■ Exercise
Please return the data that follows precisely as written, but without the images.

═════ Source records ═════

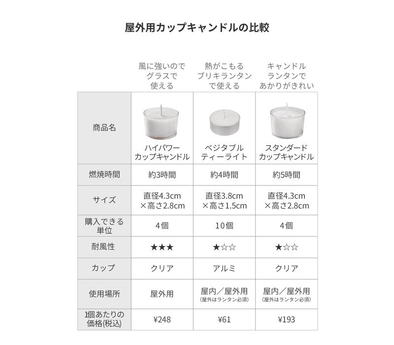 そこで屋外で使えるように開発されたのが、ハイパワーカップキャンドル。
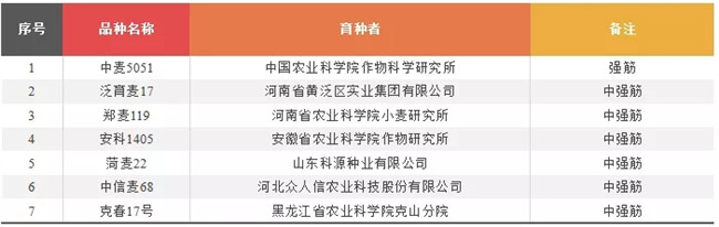 ▽2019年國(guó)家審定強(qiáng)筋中強(qiáng)筋小麥品種7個(gè)
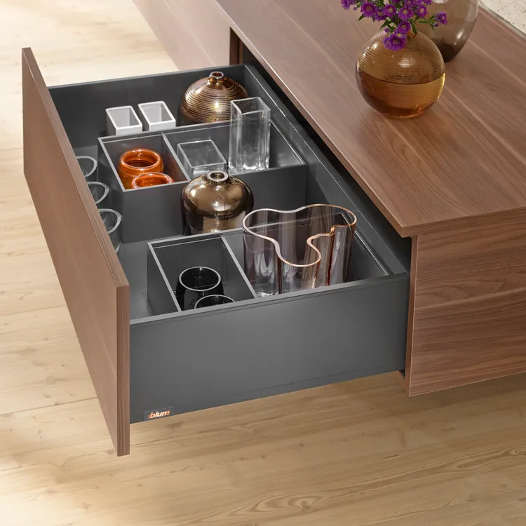 纖細的直線型設計、高質量的動感使這款優雅的抽屜系列尤為出眾。簡約的設計早已榮獲多項國際大獎。 LEGRABOX 超薄麗拉金屬抽屜就像住宅主題一樣具有多面性,適用於所有居家空間和應用範圍。全新的LEGRABOX 麗拉滑軌系統,因其為全拉式抽屜且負載能力強而備受客戶青睞。由於下垂度低,可在與距離地板在近的位置安裝LEGRABOX麗拉超薄金屬抽屜系列滑軌。有40kg和 70kg 的動態載荷,即使對於較寬而且負有重物的抽屜,滑軌也能輕盈滑動。
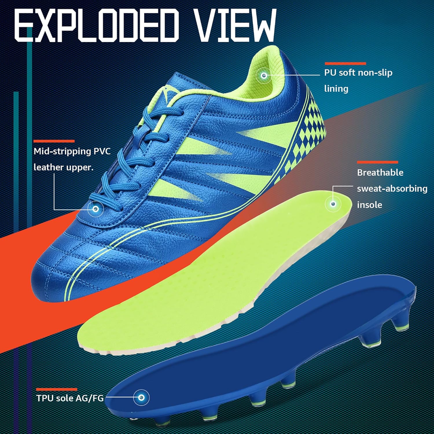 - ASHION Jungen Fussballschuhe:Das Obermaterial besteht aus hochwertigem PVC-Leder mit den Eigenschaften Weichheit, Leichtigkeit und Wasserbeständigkeit, das eine gute Kontrolle und ein gutes Gefühl für den Fussball bietet.
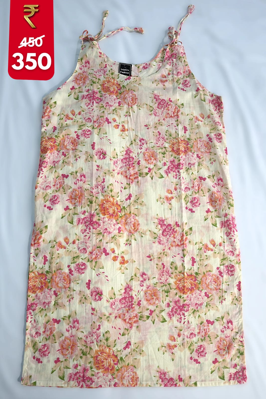 | A stylish cream knotted kurti featuring a floral knotted top design that combines elegance with modern charm. The soft cream base enhances the delicate floral patterns, creating a graceful and versatile look. |
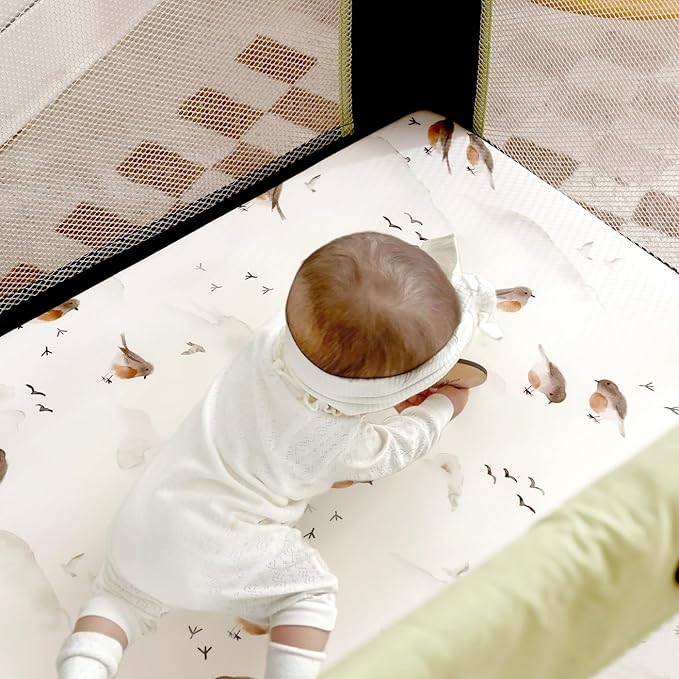 - Apple It Within Seconds: Thanks to the elastic bottom, our pack n play sheets come in a classic, cute watercolor cows and birds print that will put the finishing touches to any bedding. Make sure to give your darling a serene and calm bed to rest in.
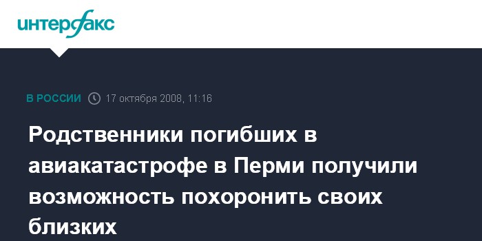 Москва. 17 октября. INTERFAX.RU - В Перми в пятницу началась выдача родственникам для захоронения останков погибших в сентябрьской авиакатастрофе, сообщил заместитель председателя правительства Пермского края Анатолий Зубарев.

═════

■ Task response
 そこで屋外で使えるように開発されたのが、ハイパワーカップキャンドル。
 ▽2019年國(guó)家審定強(qiáng)筋中強(qiáng)筋小麥品種7個(gè)
 纖細的直線型設計、高質量的動感使這款優雅的抽屜系列尤為出眾。簡約的設計早已榮獲多項國際大獎。 LEGRABOX 超薄麗拉金屬抽屜就像住宅主題一樣具有多面性,適用於所有居家空間和應用範圍。全新的LEGRABOX 麗拉滑軌系統,因其為全拉式抽屜且負載能力強而備受客戶青睞。由於下垂度低,可在與距離地板在近的位置安裝LEGRABOX麗拉超薄金屬抽屜系列滑軌。有40kg和 70kg 的動態載荷,即使對於較寬而且負有重物的抽屜,滑軌也能輕盈滑動。
 - ASHION Jungen Fussballschuhe:Das Obermaterial besteht aus hochwertigem PVC-Leder mit den Eigenschaften Weichheit, Leichtigkeit und Wasserbeständigkeit, das eine gute Kontrolle und ein gutes Gefühl für den Fussball bietet.
 | A stylish cream knotted kurti featuring a floral knotted top design that combines elegance with modern charm. The soft cream base enhances the delicate floral patterns, creating a graceful and versatile look. |
 - Apple It Within Seconds: Thanks to the elastic bottom, our pack n play sheets come in a classic, cute watercolor cows and birds print that will put the finishing touches to any bedding. Make sure to give your darling a serene and calm bed to rest in.
 Москва. 17 октября. INTERFAX.RU - В Перми в пятницу началась выдача родственникам для захоронения останков погибших в сентябрьской авиакатастрофе, сообщил заместитель председателя правительства Пермского края Анатолий Зубарев.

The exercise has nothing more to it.